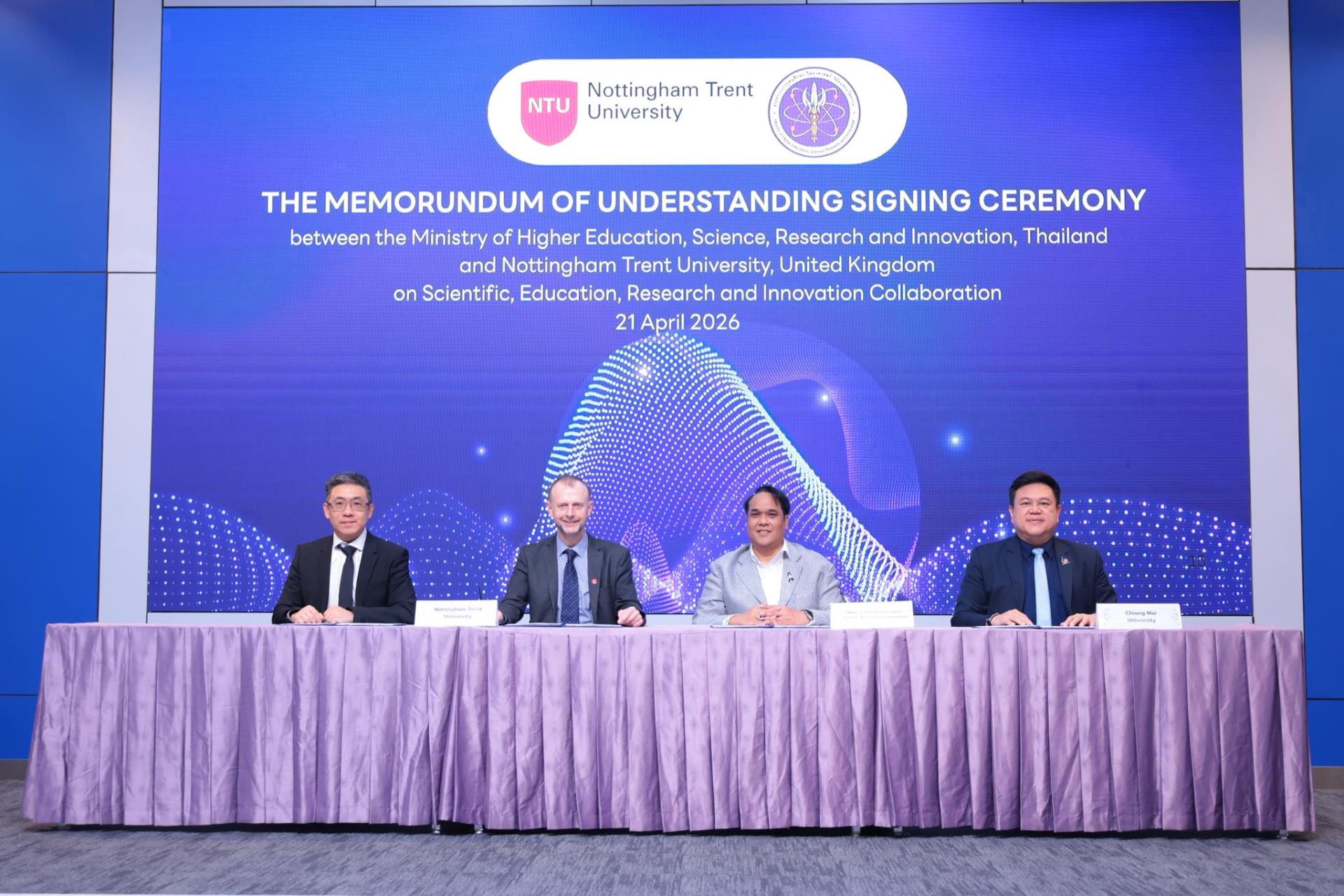 เมื่อวันที่ 21 เม.ย. ดร.พันธุ์เพิ่มศักดิ์ อารุณี รองปลัดกระทรวงการอุดมศึกษา วิทยาศาสตร์ วิจัยและนวัตกรรม (อว.) เข้าร่วมพิธีลงนามบันทึกความเข้าใจความร่วมมือระหว่างกระทรวง อว. กับ มหาวิทยาลัยนอตติงแฮมเทรนต์ โดยมี ศ.เดวิด เพทลีย์ อธิการบดีและประธานมหาวิทยาลัย ศ.เซียว หม่า ผู้อำนวยการศูนย์การเปลี่ยนแปลงธุรกิจและอุตสาหกรรม พร้อมด้วย ผศ.ดร.ธัญญานุภาพ อานันทนะ รองอธิการบดี มหาวิทยาลัยเชียงใหม่ และ รศ.ดร.ปิติวัฒน์ วัฒนชัย ผู้อำนวยการอุทยานวิทยาศาสตร์และเทคโนโลยี มหาวิทยาลัยเชียงใหม่ เข้าร่วม ณ ห้องแถลงข่าวชั้น 1 อาคารพระจอมเกล้า สำนักงานปลัดกระทรวง อว.
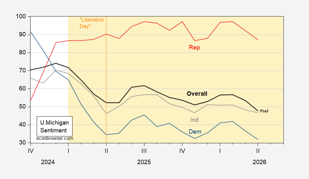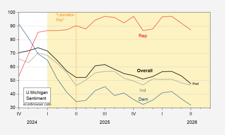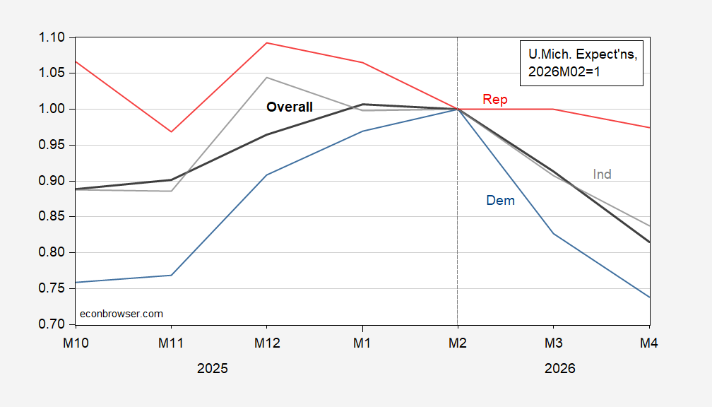 Figure 1: Change from February 2026 levels in U.Michigan Overall Consumer Expectations (bold black), Democratic/Lean Democratic (blue), Independent (gray), Republican/Lean Republican (red). April is preliminary. Source: U. Michigan, and author’s calculations.
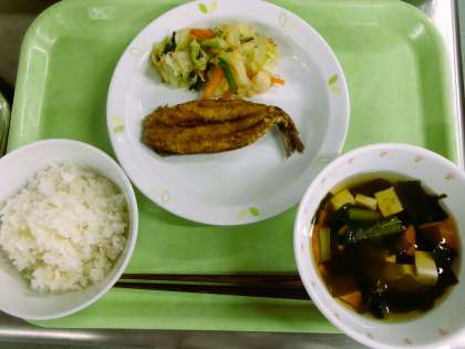 今日は、千葉で千葉で水揚げされたいわしを使い、かば焼き風に、揚げて、甘辛いたれをからめています。ごはんと一緒にいただくととてもおいしいです。いわしの写真を配膳室前の掲示板にはっています。どんな魚か見てください。
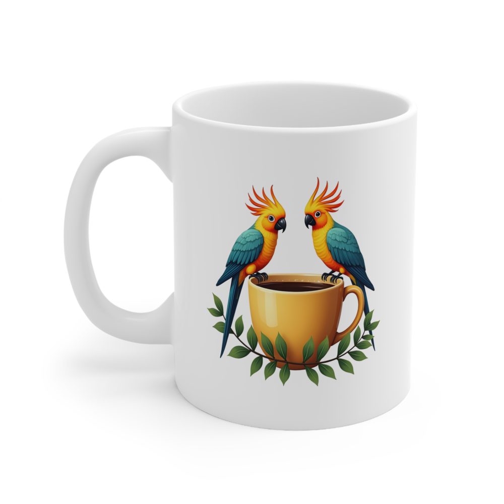 Vibrant cockatoos meet eucalyptus charm in this joyful Australian bird mug—perfect for nature-loving coffee drinkers.
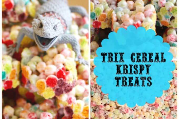 We were torn what to call these. Snake Cakes? Lizard Egg Patties? By the time we were through arguing and brainstorming, they were GONE. These were a big hit at my son’s Reptile Birthday Party. They were super easy. Just follow your fave Rice Krispy Treat recipe and sub in Trix cereal for the…
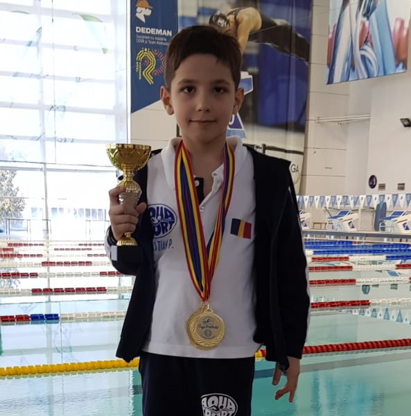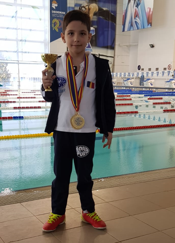 Astazi va prezentam unul dintre sportivii nostri mici, de numai 7 ani, ce tocmai a fost declarat sportivul concursului la Cupa Prichindel din weekendul ce tocmai a trecut. Pe cat este de mic, pe atat este de energic. Este cel mai energic suporter Aqua Sport si pana nu ramane fara voce nu se lasa.
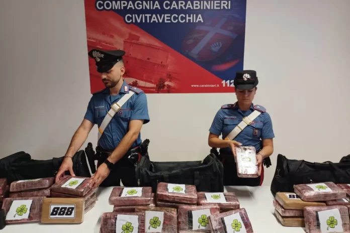 I Carabinieri della Compagnia di Civitavecchia, d’intesa con la locale Procura della Repubblica, nei giorni scorsi, hanno arrestato tre uomini, due di 43 e 57 anni, residenti a Terni e già noti alle forze dell’ordine per reati in materia di stupefacenti e un 31 enne residente a Roma, incensurato, gravemente indiziati del reato di detenzione a fini di spaccio di sostanze stupefacenti in concorso. I tre, controllati dai Carabinieri all’uscita dall’area portuale di Civitavecchia, a bordo di due auto, sono stati trovati in possesso di 3 borsoni, contenenti 44 involucri termosaldati poi risultati contenere 51,222 kg di cocaina. Nello specifico la droga era nel bagagliaio dell’auto condotta dal 43 enne preceduta da auto con a bordo gli altri due. Oltre alla droga e le auto prese a noleggio, i Carabinieri di Civitavecchia hanno anche sequestrato 6 telefoni cellulari, 2 dispositivi G.P.S., 2 ricetrasmittenti, 2 scale e utensili vari rinvenuti nella disponibilità dei tre arrestati e che si ipotizza possano essere stati adoperati per estrarre lo stupefacente da contenitori stoccati presso l’area portuale. I tre indagati sono stati condotti presso il la Casa Circondariale di Civitavecchia, nuovo complesso Borgata Aurelia dove il Tribunale di Civitavecchia ha convalidato il loro arresto e disposto la custodia cautelare in carcere. Si precisa che il procedimento penale versa nella fase delle indagini preliminari per cui gli indagati devono considerarsi innocenti fino ad eventuale sentenza definitiva.
== == ==
TASK DESCRIPTION:
Please restate the whole listing exactly, without any of its pictures.

REPLY:
 เมื่อวันที่ 21 เม.ย. ดร.พันธุ์เพิ่มศักดิ์ อารุณี รองปลัดกระทรวงการอุดมศึกษา วิทยาศาสตร์ วิจัยและนวัตกรรม (อว.) เข้าร่วมพิธีลงนามบันทึกความเข้าใจความร่วมมือระหว่างกระทรวง อว. กับ มหาวิทยาลัยนอตติงแฮมเทรนต์ โดยมี ศ.เดวิด เพทลีย์ อธิการบดีและประธานมหาวิทยาลัย ศ.เซียว หม่า ผู้อำนวยการศูนย์การเปลี่ยนแปลงธุรกิจและอุตสาหกรรม พร้อมด้วย ผศ.ดร.ธัญญานุภาพ อานันทนะ รองอธิการบดี มหาวิทยาลัยเชียงใหม่ และ รศ.ดร.ปิติวัฒน์ วัฒนชัย ผู้อำนวยการอุทยานวิทยาศาสตร์และเทคโนโลยี มหาวิทยาลัยเชียงใหม่ เข้าร่วม ณ ห้องแถลงข่าวชั้น 1 อาคารพระจอมเกล้า สำนักงานปลัดกระทรวง อว.
 Figure 1: Change from February 2026 levels in U.Michigan Overall Consumer Expectations (bold black), Democratic/Lean Democratic (blue), Independent (gray), Republican/Lean Republican (red). April is preliminary. Source: U. Michigan, and author’s calculations.
 今日は、千葉で千葉で水揚げされたいわしを使い、かば焼き風に、揚げて、甘辛いたれをからめています。ごはんと一緒にいただくととてもおいしいです。いわしの写真を配膳室前の掲示板にはっています。どんな魚か見てください。
 Vibrant cockatoos meet eucalyptus charm in this joyful Australian bird mug—perfect for nature-loving coffee drinkers.
 We were torn what to call these. Snake Cakes? Lizard Egg Patties? By the time we were through arguing and brainstorming, they were GONE. These were a big hit at my son’s Reptile Birthday Party. They were super easy. Just follow your fave Rice Krispy Treat recipe and sub in Trix cereal for the…
 Astazi va prezentam unul dintre sportivii nostri mici, de numai 7 ani, ce tocmai a fost declarat sportivul concursului la Cupa Prichindel din weekendul ce tocmai a trecut. Pe cat este de mic, pe atat este de energic. Este cel mai energic suporter Aqua Sport si pana nu ramane fara voce nu se lasa.
 I Carabinieri della Compagnia di Civitavecchia, d’intesa con la locale Procura della Repubblica, nei giorni scorsi, hanno arrestato tre uomini, due di 43 e 57 anni, residenti a Terni e già noti alle forze dell’ordine per reati in materia di stupefacenti e un 31 enne residente a Roma, incensurato, gravemente indiziati del reato di detenzione a fini di spaccio di sostanze stupefacenti in concorso. I tre, controllati dai Carabinieri all’uscita dall’area portuale di Civitavecchia, a bordo di due auto, sono stati trovati in possesso di 3 borsoni, contenenti 44 involucri termosaldati poi risultati contenere 51,222 kg di cocaina. Nello specifico la droga era nel bagagliaio dell’auto condotta dal 43 enne preceduta da auto con a bordo gli altri due. Oltre alla droga e le auto prese a noleggio, i Carabinieri di Civitavecchia hanno anche sequestrato 6 telefoni cellulari, 2 dispositivi G.P.S., 2 ricetrasmittenti, 2 scale e utensili vari rinvenuti nella disponibilità dei tre arrestati e che si ipotizza possano essere stati adoperati per estrarre lo stupefacente da contenitori stoccati presso l’area portuale. I tre indagati sono stati condotti presso il la Casa Circondariale di Civitavecchia, nuovo complesso Borgata Aurelia dove il Tribunale di Civitavecchia ha convalidato il loro arresto e disposto la custodia cautelare in carcere. Si precisa che il procedimento penale versa nella fase delle indagini preliminari per cui gli indagati devono considerarsi innocenti fino ad eventuale sentenza definitiva.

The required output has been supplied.